* _RECORDS TO PROCESS_:
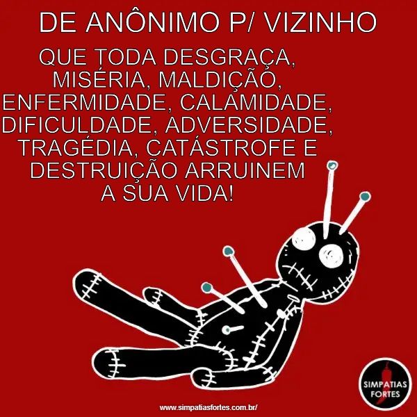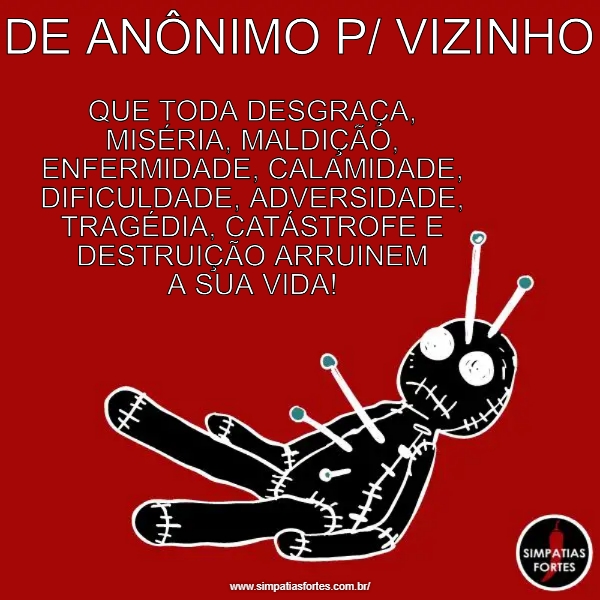 DE ANÔNIMO P/ VIZINHO… QUE TODA DESGRAÇA, MISÉRIA, MALDIÇÃO, ENFERMIDADE,…
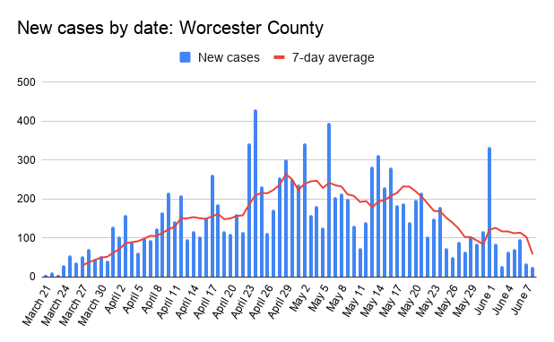 Fatalities newly reported bring the total to 827 in Worcester County. Throughout Massachusetts, there were 38 new confirmed fatalities adding to the 7,353 total.
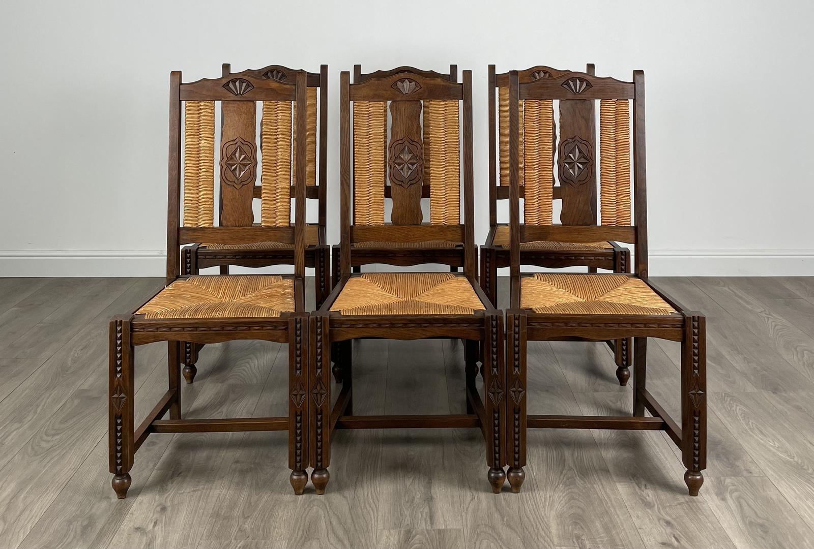 Antique Edwardian Set of 6 Dining Chairs in Oak
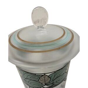 10" Mucha Art Glass Fuchsia Design Satin Glass Canister With Lid
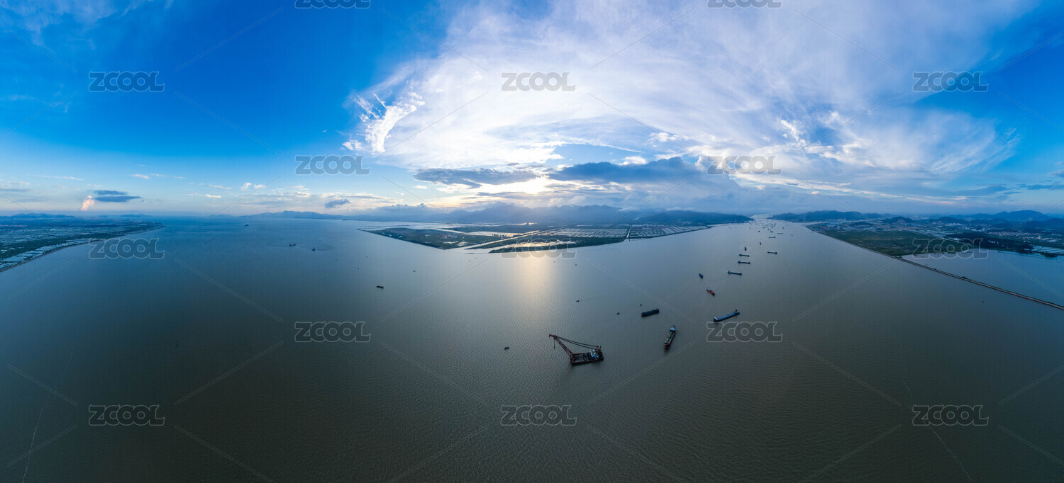 海岛,船,天空,吊桥,蓝色,航拍视角,水,桥,海港,建筑
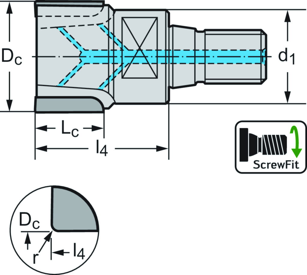 PKD-Eckfräser MP160-T • ScrewFit • metrisch • Drallwinkel 4° • WDN20 • Dc=25mm • R=0,2mm • Z=4
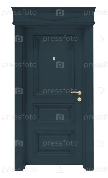 Модель входной металлической двери, изолированная на белом фоне
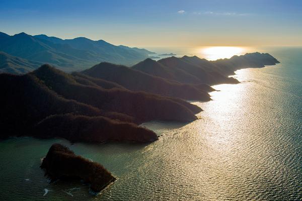Dos filas de colinas corren paralelas hacia el mar. La más cercana al agua recuerda los pies de un monstruo colosal.
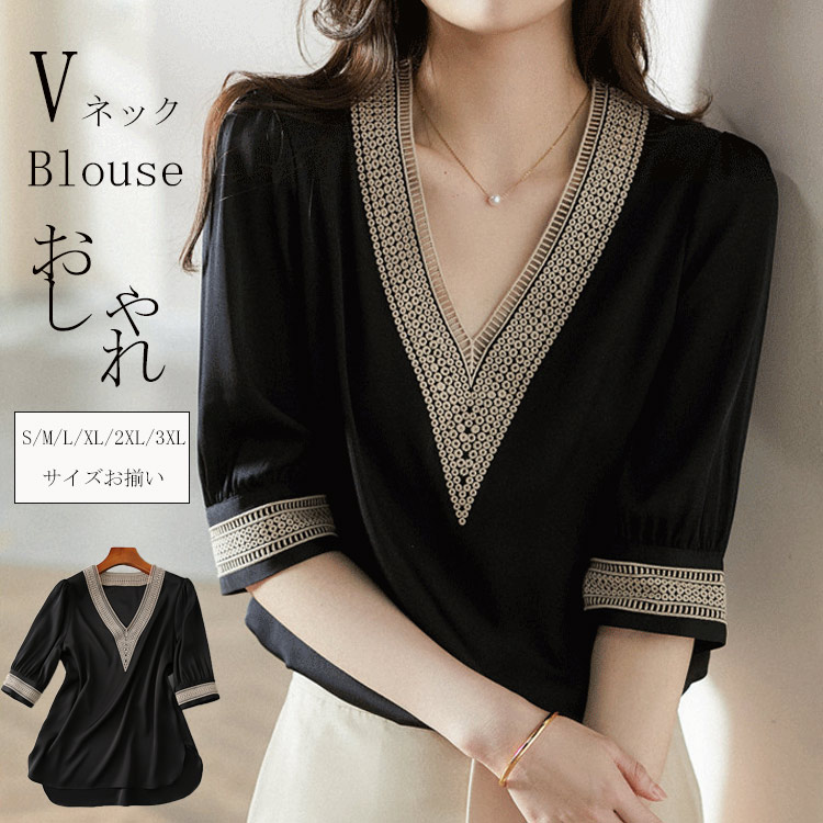 チュニック ドッキングシャツブラウス 黒 5分袖シャツ 春夏 深いvネックブラウス 切替トップス 前後差 キレイめ 大人気 おしゃれ オシャレ 正式 通勤

* _PROBLEM STATEMENT_: Keep out the pictures, and copy exactly the lines from the one that contains "Antique Edwardian Set" through the final line of the records above, both ends included.

* _ANSWER TO THIS TASK_:
 Antique Edwardian Set of 6 Dining Chairs in Oak
 10" Mucha Art Glass Fuchsia Design Satin Glass Canister With Lid
 海岛,船,天空,吊桥,蓝色,航拍视角,水,桥,海港,建筑
 PKD-Eckfräser MP160-T • ScrewFit • metrisch • Drallwinkel 4° • WDN20 • Dc=25mm • R=0,2mm • Z=4
 Модель входной металлической двери, изолированная на белом фоне
Dos filas de colinas corren paralelas hacia el mar. La más cercana al agua recuerda los pies de un monstruo colosal.
 チュニック ドッキングシャツブラウス 黒 5分袖シャツ 春夏 深いvネックブラウス 切替トップス 前後差 キレイめ 大人気 おしゃれ オシャレ 正式 通勤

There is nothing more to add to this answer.